**Assigned task:** Return the data below unaltered, but strip out the pictures.

Dataset excerpts:

=-=-=

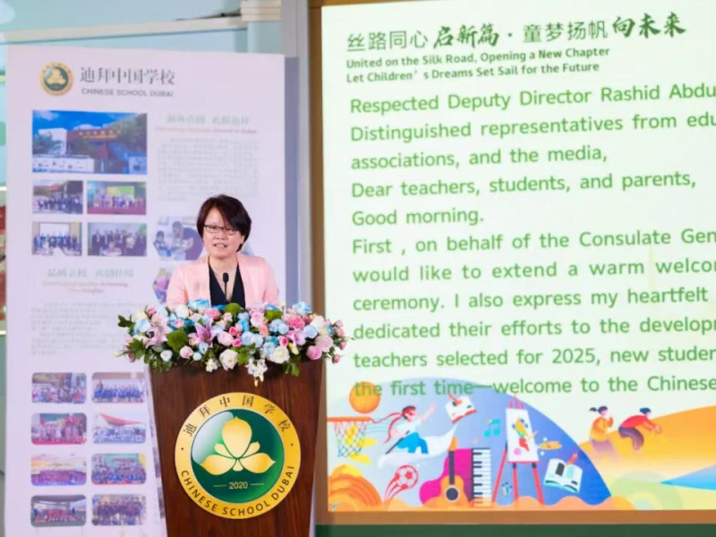 8月29日,王怡代总领事出席迪拜中国学校2025学年开学典礼。迪拜警察局、学校董事会中外方代表、领区中资企业和侨团负责人、师生和家长代表等出席。
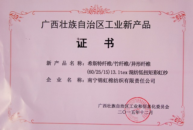 混紡低扭矩彩虹紗獲2016區(qū)新產(chǎn)品
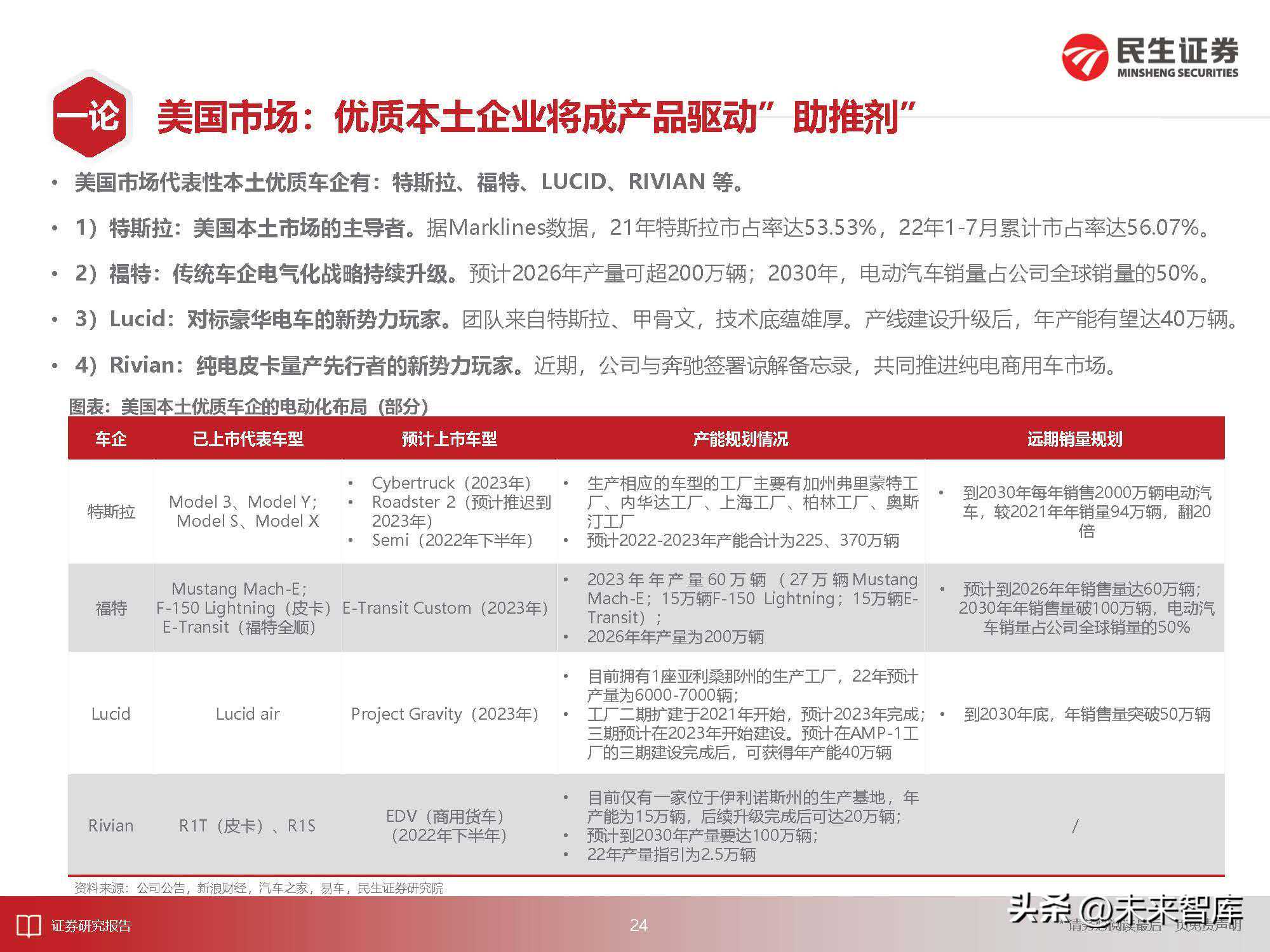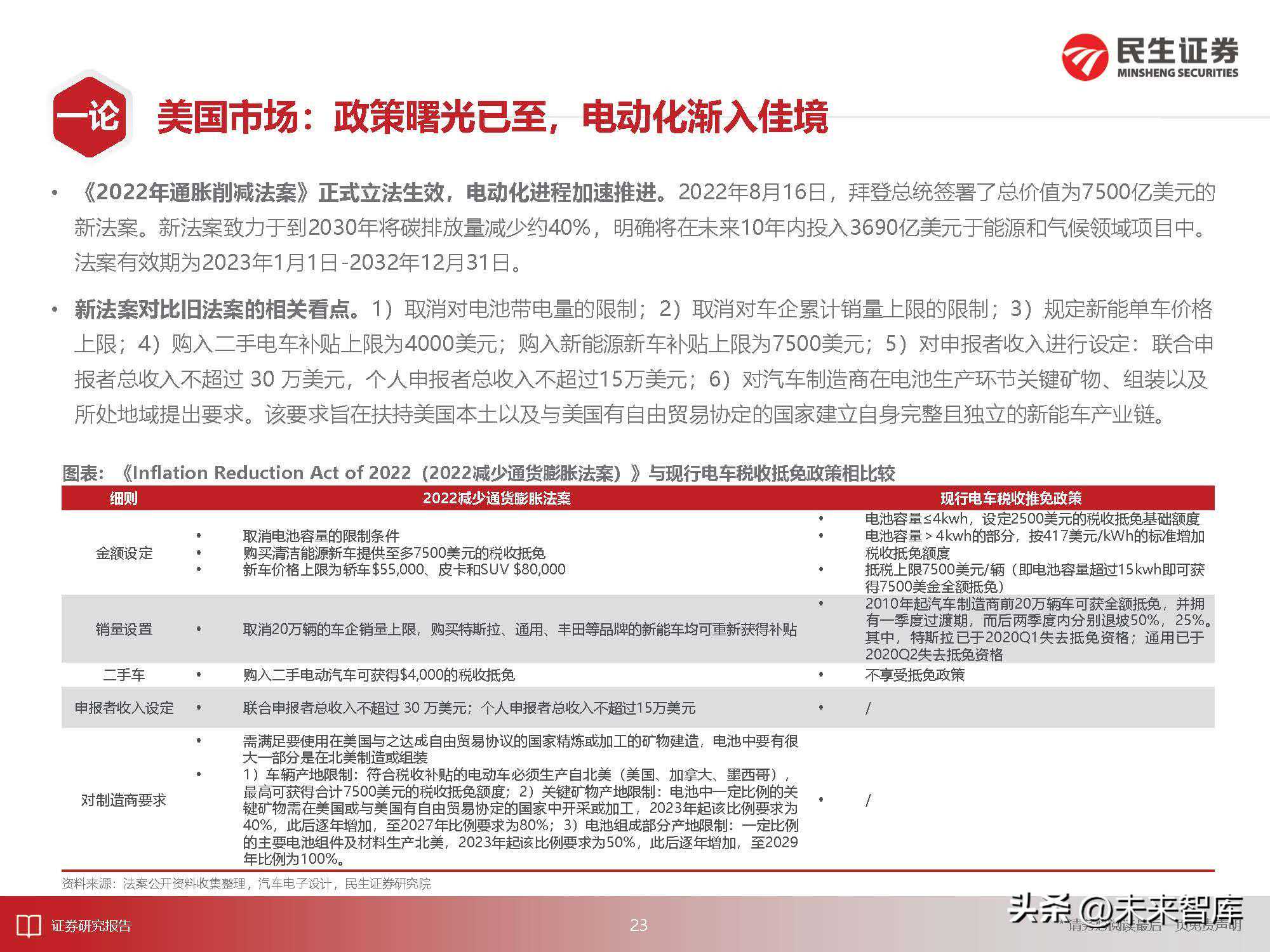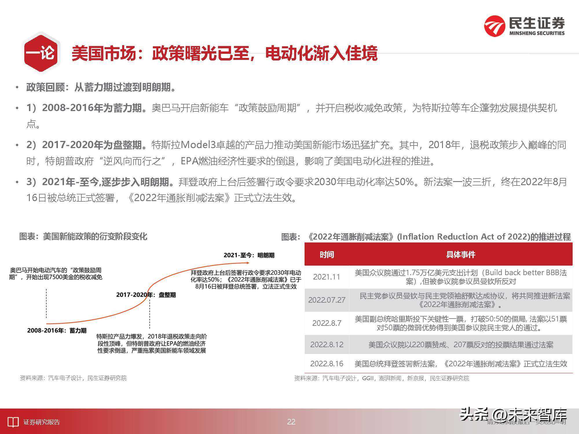 4)美国市场:现行核心驱动力为政策逐步明晰。21年新能车渗透率不足5%,22年1-7月累计销量对应的渗透率为6.76%。
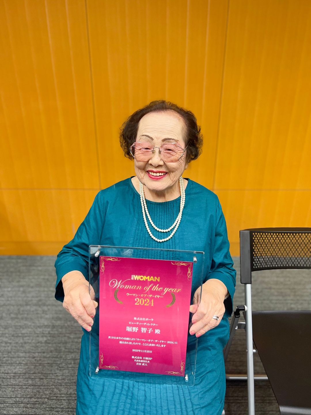 堀野智子さん(100) ポーラ 現役最高齢のビューティーアドバイザー。取材当日もピンクのチークにピンクのネイルが華やかで素敵だった。ピンクがお好きなのだとか。(写真提供=ポーラ)
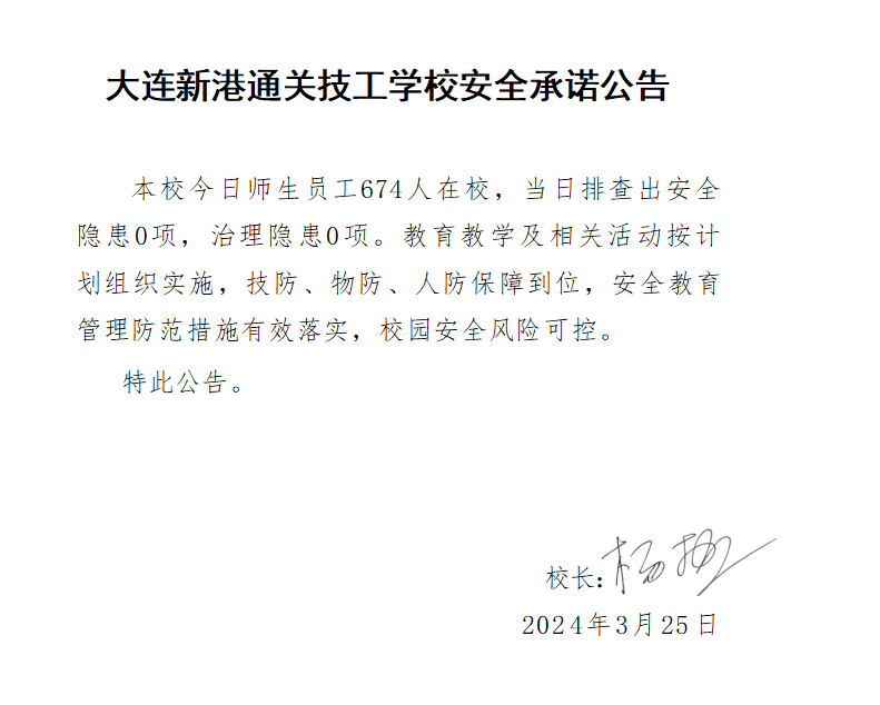 大连新港通关技工学校安全通告(2024年3月25日)
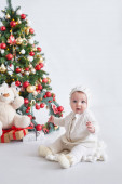 Mikołaj. Piękne dziecko. Wesołych Świąt i szczęśliwego Nowego Roku. tło choinki
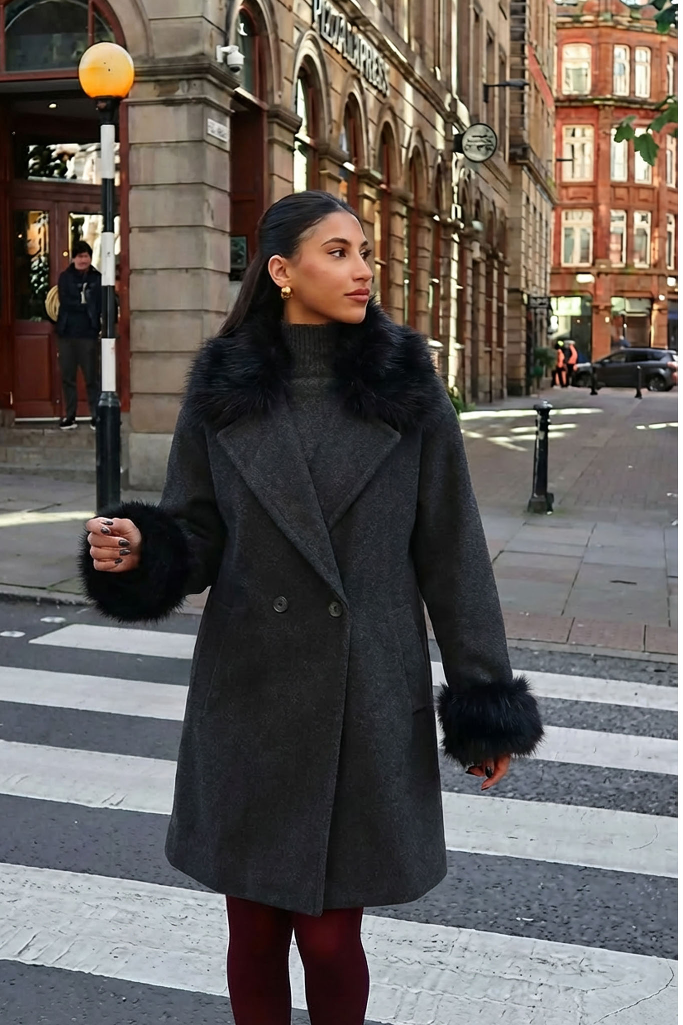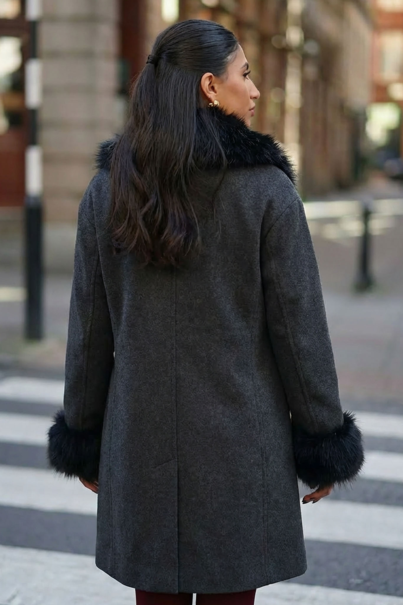 Παλτό με οικολογική γούνα στον γιακά και στα μανίκια. Προσφέρει elegant αποτέλεσμα. Ιδανική επιλογή για καθημερινές εμφανίσεις.
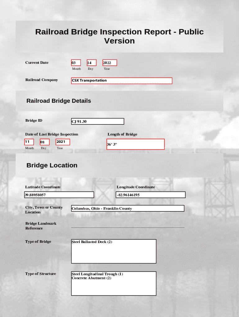 Current Date03142022MonthDayYearRailroad CompanyCSX TransportationBridge IDCJ 91.30Date of Last Bridge Inspection11082021MonthDayYearLength of Bridge36\' 3\"Latitude CoordinateLongitude Coordinate39.8895805782.96146195City,
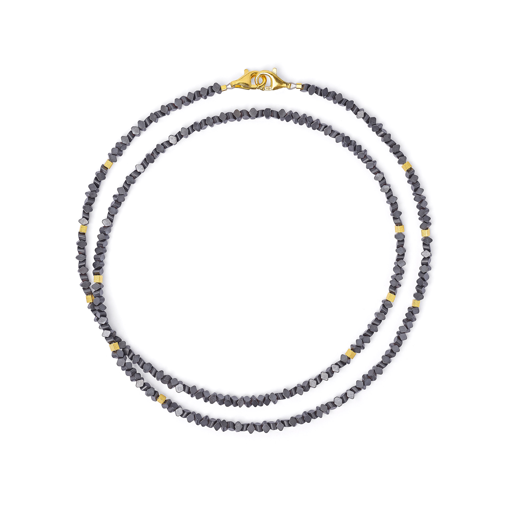 Mit seinem edlen metallischen Glanz fasziniert der elegante Hämatin. Er wird aus Eisenerz gewonnen und in einem besonderen Verfahren für BERND WOLF hergestellt. Weitere Infos zu den von BERND WOLF verwendeten Materialien im Lexikon der Edelsteine.
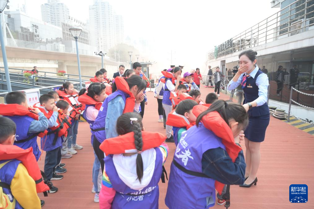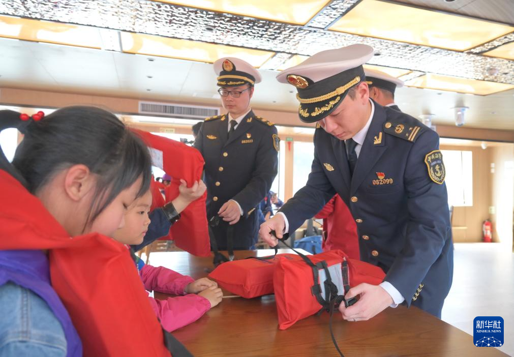 3月24日,福州海事局工作人员在“闽江之恋”号客轮上教学生穿戴救生衣。新华社记者 林善传 摄
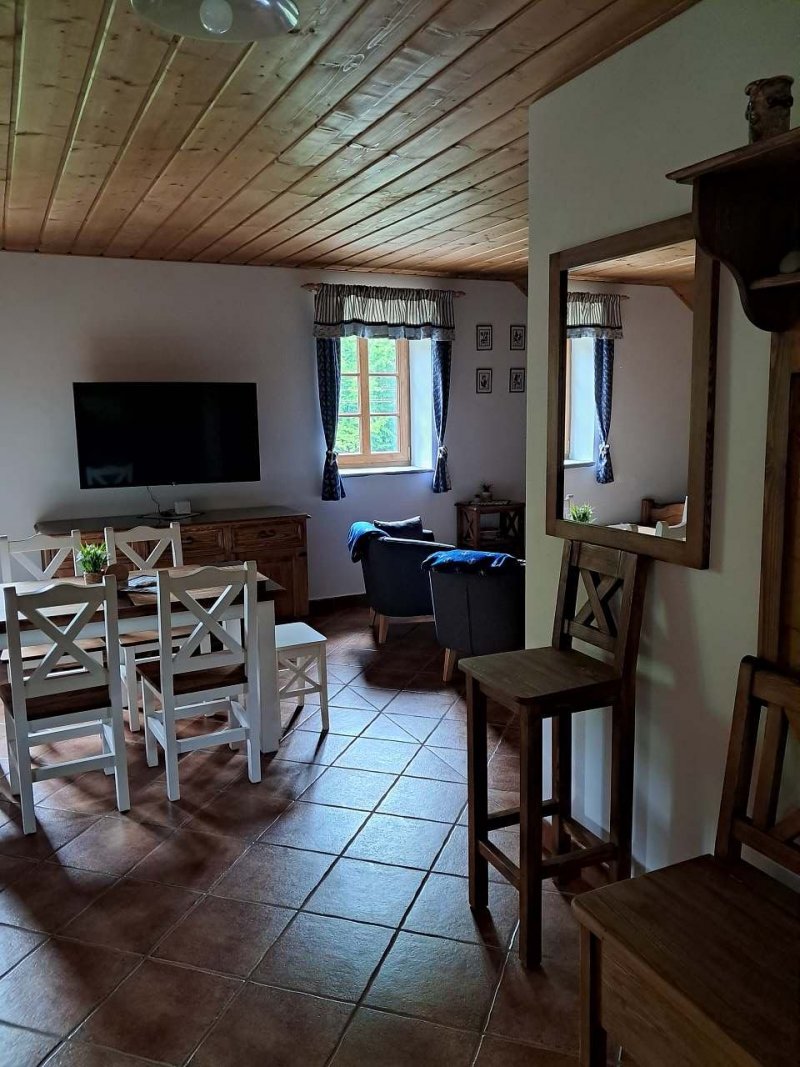 Krásná, nově zrekonstruovaná chalupa, přímo u sjezdovky, nabízí prostor pro 1 - 9 osob, ideální pro rodiny i dvojice(sleva na pobyt v pro 1 - 3 osoby, popř. 1 - 6 osob, neplatíte za neobsazené prostory celé chalupy). V chalupě jste vždy sami, pronajímáme vždy jen jednomu zájemci. K pronájmu slouží horní patro. Ceny jsou úplně dole na této stránce.
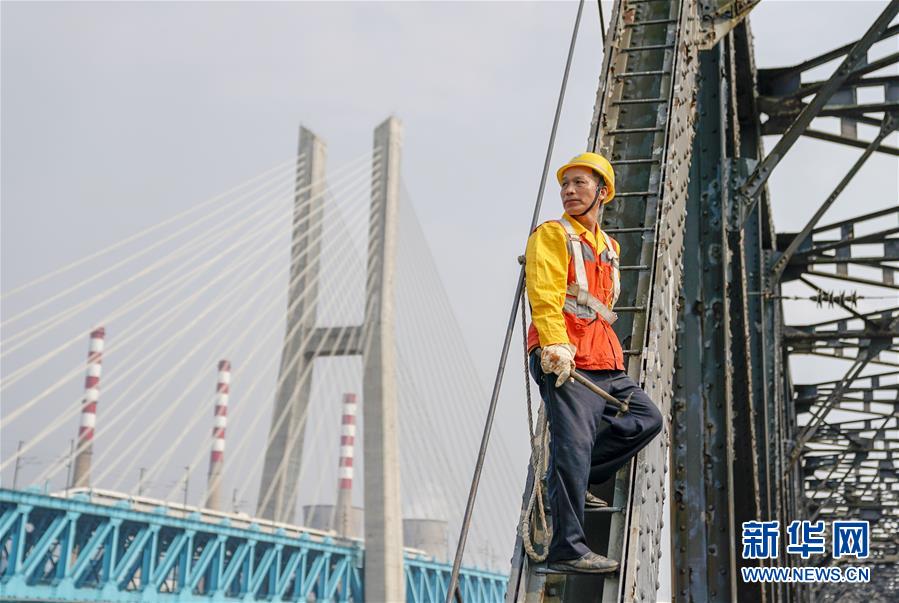 中國(guó)鐵路成都局有限公司重慶工務(wù)段53歲的橋隧工唐金華在白沙沱長(zhǎng)江大橋的作業(yè)點(diǎn)上望著新白沙沱長(zhǎng)江特大橋(4月23日攝)。 4月23日下午5點(diǎn)40分,隨著重慶白沙沱長(zhǎng)江大橋通行的最后一列客運(yùn)列車順利通過,這座“服役”了59年的重慶首座長(zhǎng)江大橋進(jìn)入“退役”倒計(jì)時(shí)。4月24日后,所有列車將改線經(jīng)距白沙沱長(zhǎng)江大橋約100米的新白沙沱長(zhǎng)江特大橋通行,新橋“接力”老橋,運(yùn)輸能力將得到大幅提升。 白沙沱長(zhǎng)江大橋于1958年開工,1960年通過首趟列車,是繼武漢長(zhǎng)江大橋之后的第二座長(zhǎng)江大橋。 新華社記者 劉潺 攝
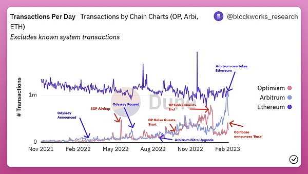 L2 竞争的未来,是更快速和更便宜Optimi** 和 Arbitrum 都是非常有前途的 L2,它们已经在未来的“模块化以太坊”叙事中发挥重要作用。虽然他们在日常交易方面仍然落后于以太坊主网,但更快、更便宜的交易使他们成为对用户有吸引力的选择。
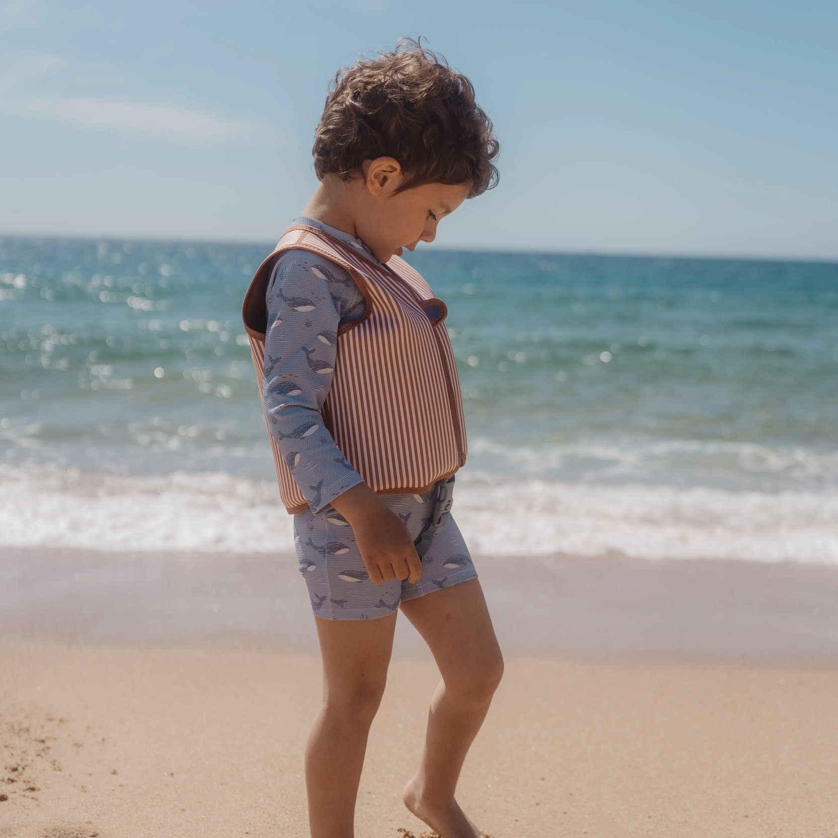 Plávacia vesta s krásnou potlačou motívov zo života pod morskou hladinou pomôže vášmu dieťaťu získať istotu pri plaveckých začiatkoch a zároveň mu zaistí optimálnu voľnosť pohybu. Vďaka zapínaniu na zips sa vesta z príjemného neoprénového materiálu ľahko oblieka a vyzlieka.
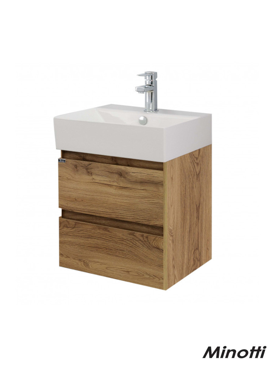 Ormarić od kvalitetnog univera i MDFa u boji drveta, sa keramičkim umivaonikom i fiokama sa soft close mehanizmom.

=-=-=

**Solution to this task:**
 8月29日,王怡代总领事出席迪拜中国学校2025学年开学典礼。迪拜警察局、学校董事会中外方代表、领区中资企业和侨团负责人、师生和家长代表等出席。
 混紡低扭矩彩虹紗獲2016區(qū)新產(chǎn)品
 4)美国市场:现行核心驱动力为政策逐步明晰。21年新能车渗透率不足5%,22年1-7月累计销量对应的渗透率为6.76%。
 堀野智子さん(100) ポーラ 現役最高齢のビューティーアドバイザー。取材当日もピンクのチークにピンクのネイルが華やかで素敵だった。ピンクがお好きなのだとか。(写真提供=ポーラ)
 大连新港通关技工学校安全通告(2024年3月25日)
 Mikołaj. Piękne dziecko. Wesołych Świąt i szczęśliwego Nowego Roku. tło choinki
 Παλτό με οικολογική γούνα στον γιακά και στα μανίκια. Προσφέρει elegant αποτέλεσμα. Ιδανική επιλογή για καθημερινές εμφανίσεις.
 Current Date03142022MonthDayYearRailroad CompanyCSX TransportationBridge IDCJ 91.30Date of Last Bridge Inspection11082021MonthDayYearLength of Bridge36\' 3\"Latitude CoordinateLongitude Coordinate39.8895805782.96146195City,
 Mit seinem edlen metallischen Glanz fasziniert der elegante Hämatin. Er wird aus Eisenerz gewonnen und in einem besonderen Verfahren für BERND WOLF hergestellt. Weitere Infos zu den von BERND WOLF verwendeten Materialien im Lexikon der Edelsteine.
 3月24日,福州海事局工作人员在“闽江之恋”号客轮上教学生穿戴救生衣。新华社记者 林善传 摄
 Krásná, nově zrekonstruovaná chalupa, přímo u sjezdovky, nabízí prostor pro 1 - 9 osob, ideální pro rodiny i dvojice(sleva na pobyt v pro 1 - 3 osoby, popř. 1 - 6 osob, neplatíte za neobsazené prostory celé chalupy). V chalupě jste vždy sami, pronajímáme vždy jen jednomu zájemci. K pronájmu slouží horní patro. Ceny jsou úplně dole na této stránce.
 中國(guó)鐵路成都局有限公司重慶工務(wù)段53歲的橋隧工唐金華在白沙沱長(zhǎng)江大橋的作業(yè)點(diǎn)上望著新白沙沱長(zhǎng)江特大橋(4月23日攝)。 4月23日下午5點(diǎn)40分,隨著重慶白沙沱長(zhǎng)江大橋通行的最后一列客運(yùn)列車順利通過,這座“服役”了59年的重慶首座長(zhǎng)江大橋進(jìn)入“退役”倒計(jì)時(shí)。4月24日后,所有列車將改線經(jīng)距白沙沱長(zhǎng)江大橋約100米的新白沙沱長(zhǎng)江特大橋通行,新橋“接力”老橋,運(yùn)輸能力將得到大幅提升。 白沙沱長(zhǎng)江大橋于1958年開工,1960年通過首趟列車,是繼武漢長(zhǎng)江大橋之后的第二座長(zhǎng)江大橋。 新華社記者 劉潺 攝
 L2 竞争的未来,是更快速和更便宜Optimi** 和 Arbitrum 都是非常有前途的 L2,它们已经在未来的“模块化以太坊”叙事中发挥重要作用。虽然他们在日常交易方面仍然落后于以太坊主网,但更快、更便宜的交易使他们成为对用户有吸引力的选择。
 Plávacia vesta s krásnou potlačou motívov zo života pod morskou hladinou pomôže vášmu dieťaťu získať istotu pri plaveckých začiatkoch a zároveň mu zaistí optimálnu voľnosť pohybu. Vďaka zapínaniu na zips sa vesta z príjemného neoprénového materiálu ľahko oblieka a vyzlieka.
 Ormarić od kvalitetnog univera i MDFa u boji drveta, sa keramičkim umivaonikom i fiokama sa soft close mehanizmom.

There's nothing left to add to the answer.